Sie wirkte irritiert, nickte jedoch und ging mit ihm zurück in den Gang. Im Saal hatte das Orchester zu spielen begonnen. Ludwig musste es darum gebeten haben, als Franz-Josef die Begrüßungszeremonie so unerwartet abgebrochen hatte.
»Ich hoffe, du willst mit mir über deine Heirat sprechen«, sagte Sophie.
»In gewisser Weise. Helene, das Mädchen auf der Terrasse, ist die, mit der ich mich verloben soll?«
»Das wüsstest du, wenn du sie, wie abgesprochen, gestern aufgesucht hättest.«
Franz-Josef ging nicht darauf ein. »Ich möch… ich werde ihre Schwester Sissi heiraten.«
Sophie schwieg. Die Musik aus dem Ballsaal hallte durch den Gang.

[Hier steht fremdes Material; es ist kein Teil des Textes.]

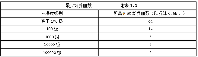 沉降菌測定時,培養(yǎng)皿應布置在有代表性的地點和氣流擾動極小的地點,培養(yǎng)皿數(shù)可與按附表1.1確定的采樣點數(shù)相同,但培養(yǎng)皿**少數(shù)量應滿足附表1.2的規(guī)定。 #p#分頁標題#e#
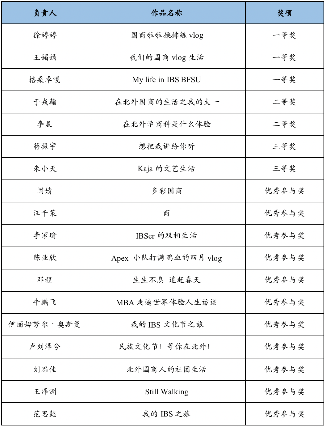 经过重重评审,最终评选出如下获奖作品。其中,徐婷婷组《国商啦啦操排练vlog》、王媚嫣组《我们的国商vlog生活》和格桑卓嘎组《My life in IBS BFSU》获得一等奖。

»Ihnen geht es doch nur um die politische Verbindung, nicht wahr?«, fragte Franz-Josef, als Sophies Antwort ausblieb. »Was macht es da für einen Unterschied, ob ich die ältere oder die jüngere Schwester zur Frau nehme?«
Sophie wandte sich ab. »Warte hier«, sagte sie.
Und das tat er.
Sissi hörte, wie Franz – Franz-Josef, dachte sie mit erneutem Entsetzen – und Sophie die Terrasse verließen. Néné und ihre Mutter redeten auf sie ein, aber sie nahm die Hände nicht vom Gesicht und wechselte kein Wort mit ihnen. Was hätte sie auch sagen sollen? Dass sie sich in einen Vampir verliebt und ihm das Leben gerettet hatte? Dass sie ihn nicht pfählen, sondern küssen wollte?
»Sag doch was, Kind.«
Sissi schüttelte den Kopf. Am liebsten hätte sie sich im Bett verkrochen und geschlafen, bis ihr Leben vorüber war. Sie hatte ohnehin nichts mehr davon zu erwarten.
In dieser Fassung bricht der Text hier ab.